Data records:
[Start of section]

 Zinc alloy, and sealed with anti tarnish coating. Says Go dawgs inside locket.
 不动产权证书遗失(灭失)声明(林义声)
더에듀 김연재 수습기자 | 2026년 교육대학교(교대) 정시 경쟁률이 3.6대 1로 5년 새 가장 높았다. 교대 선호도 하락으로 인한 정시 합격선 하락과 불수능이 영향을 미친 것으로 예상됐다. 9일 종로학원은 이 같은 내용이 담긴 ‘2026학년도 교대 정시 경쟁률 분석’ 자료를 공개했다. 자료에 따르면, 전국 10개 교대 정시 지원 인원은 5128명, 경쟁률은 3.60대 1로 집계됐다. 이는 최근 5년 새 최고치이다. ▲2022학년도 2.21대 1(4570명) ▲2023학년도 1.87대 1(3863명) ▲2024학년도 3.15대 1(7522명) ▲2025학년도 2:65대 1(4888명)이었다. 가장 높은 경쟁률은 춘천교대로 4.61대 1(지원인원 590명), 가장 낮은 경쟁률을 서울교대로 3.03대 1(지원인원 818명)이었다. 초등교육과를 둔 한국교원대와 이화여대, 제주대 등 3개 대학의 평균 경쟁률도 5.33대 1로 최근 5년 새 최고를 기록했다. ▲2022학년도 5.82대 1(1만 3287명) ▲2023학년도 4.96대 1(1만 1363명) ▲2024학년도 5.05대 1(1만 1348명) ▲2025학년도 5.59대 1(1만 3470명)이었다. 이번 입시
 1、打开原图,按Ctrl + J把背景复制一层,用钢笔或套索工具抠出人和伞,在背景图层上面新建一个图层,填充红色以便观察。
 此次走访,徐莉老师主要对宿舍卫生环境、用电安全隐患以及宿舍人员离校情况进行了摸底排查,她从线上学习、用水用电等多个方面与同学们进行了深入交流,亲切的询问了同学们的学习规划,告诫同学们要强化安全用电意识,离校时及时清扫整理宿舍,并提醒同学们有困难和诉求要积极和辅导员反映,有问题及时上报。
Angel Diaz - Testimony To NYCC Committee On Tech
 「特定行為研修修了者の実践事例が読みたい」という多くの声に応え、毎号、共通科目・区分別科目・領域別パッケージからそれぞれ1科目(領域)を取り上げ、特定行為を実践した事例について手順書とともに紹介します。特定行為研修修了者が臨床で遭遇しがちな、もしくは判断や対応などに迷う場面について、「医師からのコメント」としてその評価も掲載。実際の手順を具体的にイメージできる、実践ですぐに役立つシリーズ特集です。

[End of section]

EXERCISE DESCRIPTION: Only the lines from the one containing "1、打开原图,按Ctrl + J把背景复制一层,用钢笔或套索工具抠出人和伞,在背景图层上面新建一个图层,填充红色以便观察。" through the end of the entries above belong in the answer; repeat them exactly.

RESULT FOR THIS TASK:
 1、打开原图,按Ctrl + J把背景复制一层,用钢笔或套索工具抠出人和伞,在背景图层上面新建一个图层,填充红色以便观察。
 此次走访,徐莉老师主要对宿舍卫生环境、用电安全隐患以及宿舍人员离校情况进行了摸底排查,她从线上学习、用水用电等多个方面与同学们进行了深入交流,亲切的询问了同学们的学习规划,告诫同学们要强化安全用电意识,离校时及时清扫整理宿舍,并提醒同学们有困难和诉求要积极和辅导员反映,有问题及时上报。
Angel Diaz - Testimony To NYCC Committee On Tech
 「特定行為研修修了者の実践事例が読みたい」という多くの声に応え、毎号、共通科目・区分別科目・領域別パッケージからそれぞれ1科目(領域)を取り上げ、特定行為を実践した事例について手順書とともに紹介します。特定行為研修修了者が臨床で遭遇しがちな、もしくは判断や対応などに迷う場面について、「医師からのコメント」としてその評価も掲載。実際の手順を具体的にイメージできる、実践ですぐに役立つシリーズ特集です。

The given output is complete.